How does the Turnbow family's financial struggle shape their decisions and interactions with others?

 

Thrown into an environment that is failing due to excess precipitation, the Turnbow family is left to act within their own self-interest and cannot afford to think of the environment before their financial hardships. On top of their monetary difficulties, no members of the family are educated enough to understand the environmental effects that cutting down the trees on their property would have. Dellarobia herself was initially concerned only with the appearance of the property following the lumber job, stating “They’ll make it look like a warzone,” naively ignoring the more crucial costs to the environment and local habitats the logging would bring as well (Kingsolver 40). Due to their social status and rural, poverty-ridden town, it is easy to understand why the Turnbow’s take the environment into zero consideration when deciding how to save their farm from being foreclosed.

                Following her time working and learning under Ovid Byron, Dellarobia reflects on the lack of education she received while she was in school to which Ovid is outraged by. She explains the split of social dynamics in the state of Tennessee, “cities on one end of it, and farms on the other,” and the elusiveness of money sent to the rural side of the state—the side she grew up in (224). This lack of funding and the rural lifestyle of the residents of Feathertown makes college “kind of irrelevant,” to them, which Ovid reacts to “as if she’d mentioned they boiled local children alive” (224). With little priority on academics, Dellarobia explains the impact athletics had on her town, with notable figures like the mayor and Pastor Bobby Ogle gaining their notoriety originally from success in high school sports. Without any focus on further education beyond high school, members of the Feathertown community, such as the Turnbow’s, cannot be expected to be knowledgeable on climate change nor the human actions attributable to it. The Turnbow’s financial difficulties and rural lifestyle also make their efforts to reduce their environmental impact limited.

                While observing the monarchs for their flight behavior, Dellarobia listens to climate change activist, Leighton Atkins, read off different ways to reduce her carbon emissions and promote sustainability.
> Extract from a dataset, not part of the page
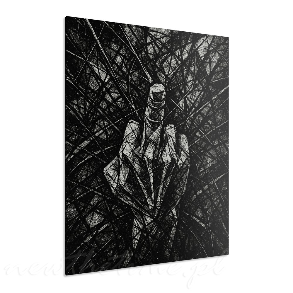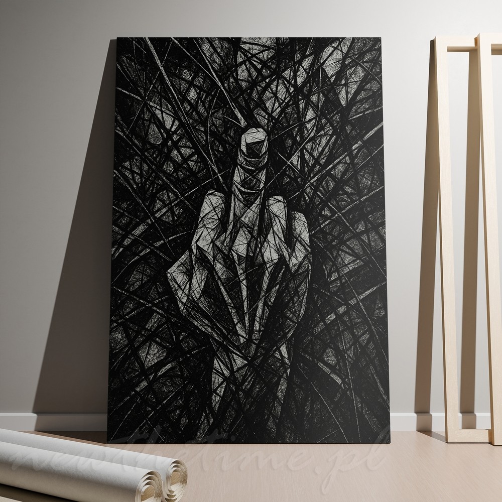 Ten obraz to surowa energia zamknięta w czerni i bieli. Centralna dłoń, zbudowana z ostrych, geometrycznych płaszczyzn, wyłania się z gęstej, chaotycznej sieci linii. Tło tworzy dynamiczną strukturę przypominającą splątane szkice, pęknięcia lub graficzną eksplozję – całość buduje mocne napięcie i głębię.

However, she finds the applicability of the methods to herself and her family difficult due to their financial limitations, stating that she can’t afford to eat out, she doesn’t purchase bottled water, she can’t buy things off of Craigslist because she doesn't own a computer and so on (327). Although he means well in his “Sutainability Pledge,” Leighton’s list does not fit Dellarobia and her family’s way of living. The pledge is only applicable to those who can afford to do things Dellarobia cannot. It makes it clear as to why the Turnbow’s could care less about their environmental impact of the logging and would focus more on their farm and its continuation by selling off the resources they have now. They cannot risk losing their family’s only possession and main source of income to act environmentally friendly while others will continue to tarnish the environment no matter what they themselves choose to do.

Comments

  1. I found your reading of the book in regards to this issue to be quite astute. I completely agree that the novel often highlights the dichotomy between the upper class and the lower class and how they consider the environment. The upper class often worry about the environment but in a self-serving manner, while the lower class are too concerned with their own survival to consider the long-term consequences of any actions. To add onto your argument, I would like to highlight a section towards the end of the novel. To decide on the fate of the land behind the house, the Turnbow family have a meeting with Pastor Bobby Ogle. The only one who is still for the logging is Bear. It's not until Bobby reassures him that his "financial concerns can be met" that he relents (403). As it says, "suddenly, Bear was defeated and Bobby was beaming" (404). It was only through having monetary security that the family preserved the land and avoided more ecological destruction, not through some sense of duty or moral responsibility. It goes to strengthen your argument that for those in the lower class, their own stability is more important.